Showers at one’s lodgings on a journey
Round One
Left
しぐれするもみぢのにしきゆかしきにあけてをたたむふたむらのやま
| shiguresuru momiji no nishiki yukashiki ni akete o tatamu futamura no yama | Under the showers The scarlet leaves’ brocade I long to see, so With the dawn let’s set forth To Mount Futamura! |
Jakunen
51
Right (Win)
みやこにもおもひやすらむくさまくらうちしぐれたるよはのねざめを
| miyako ni mo omoiyasuramu kusamakura uchishiguretaru yowa no nezame o | Even in the capital Might you think of me?
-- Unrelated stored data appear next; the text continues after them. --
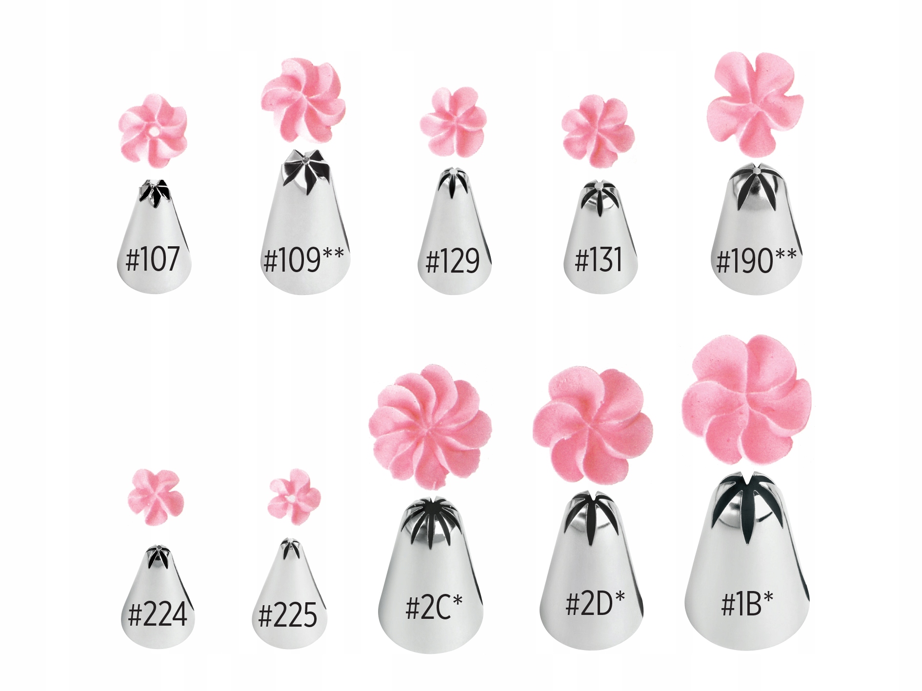 Совет по высококачественному украшению торта в форме цветка 1B Wilton. Идеально подходит для создания украшений в форме цветов на кексах, тортах или тортах. Он также отлично подходит для выдавливания безе и печенья. Подходит к любому кондитерскому мешку.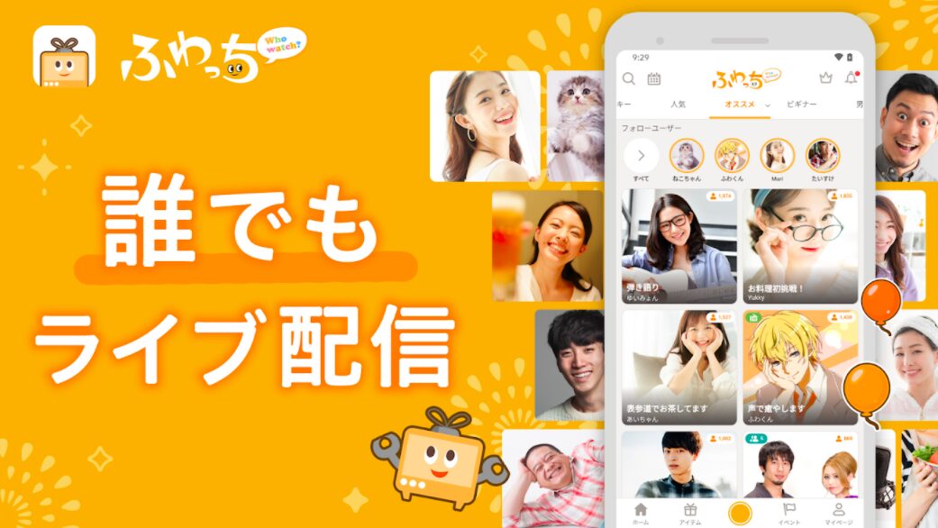 ふわっちは、スマホ1台で配信を始めやすいライブ配信アプリです。複雑な機材をそろえなくてもスタートしやすく、まずは気軽に配信を試したい人に向いています。公式ストアでも、その手軽さが大きな魅力として打ち出されています。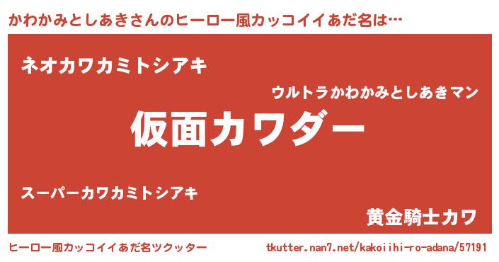 | 男性向けラノベタイトル風あだ名 | 『この素晴らしい世界にかわかみとしあきを!』 |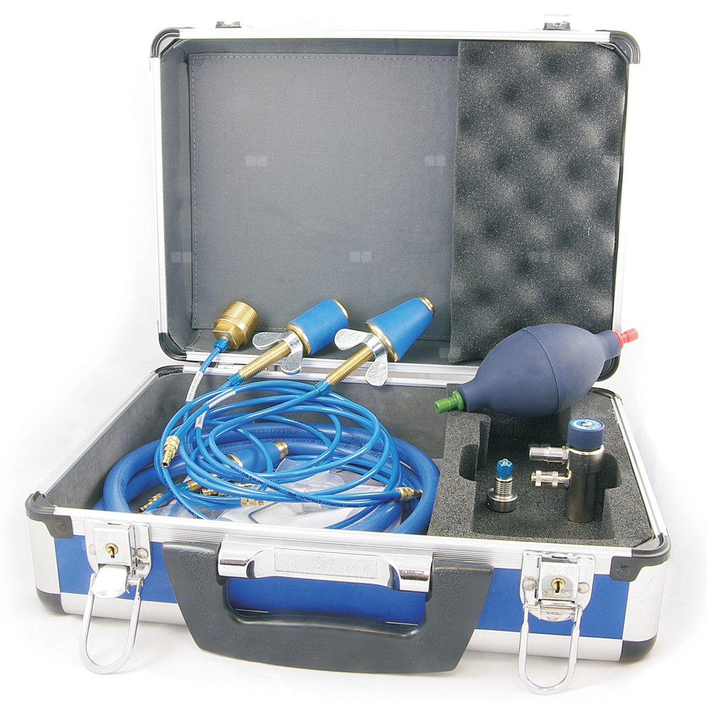 - Wyposażony w aluminiową walizkę, zawór odcinający, pompkę, różnego typu przyłącza do instalacji.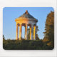 Blick aus dem Monopteros, einem offenen, runden Tempel, der 1836 im griechischen Stil von Leo von Klenze erbaut wurde. An der Decke hängen gewitterte Bilder. In einem öffentlichen Park gelegen, der Englische Garten, München, Oberbayern, Deutschland.

On a grassy pillow With a shower Awoken at midnight… |
Suke
52
The Left poem’s ‘With the dawn let’s set forth / To Mount Futamura’ sounds charming, but as we can see from Lord Kanesuke’s poem ‘Futami Bay / Let’s see with the dawn’, it is quite pedestrian. Then there is the expression ‘long to see’—this really isn’t appropriate diction for poetry. I will admit that it appears from time to time in imperial anthologies, and so it is certainly permissible depending upon the style of the poem, though. There’s also the term ‘long to know’—one really shouldn’t use diction in a poetry match which doesn’t express the poet’s true feelings. As for the Right’s poem, it’s also quite pedestrian to say that showers fall on one’s way on a journey, but don’t necessarily fall in the capital, but saying that folk there might think of you waking on your journey, well, why wouldn’t they do that? The conception of the poem is pleasant, and I make it the winner.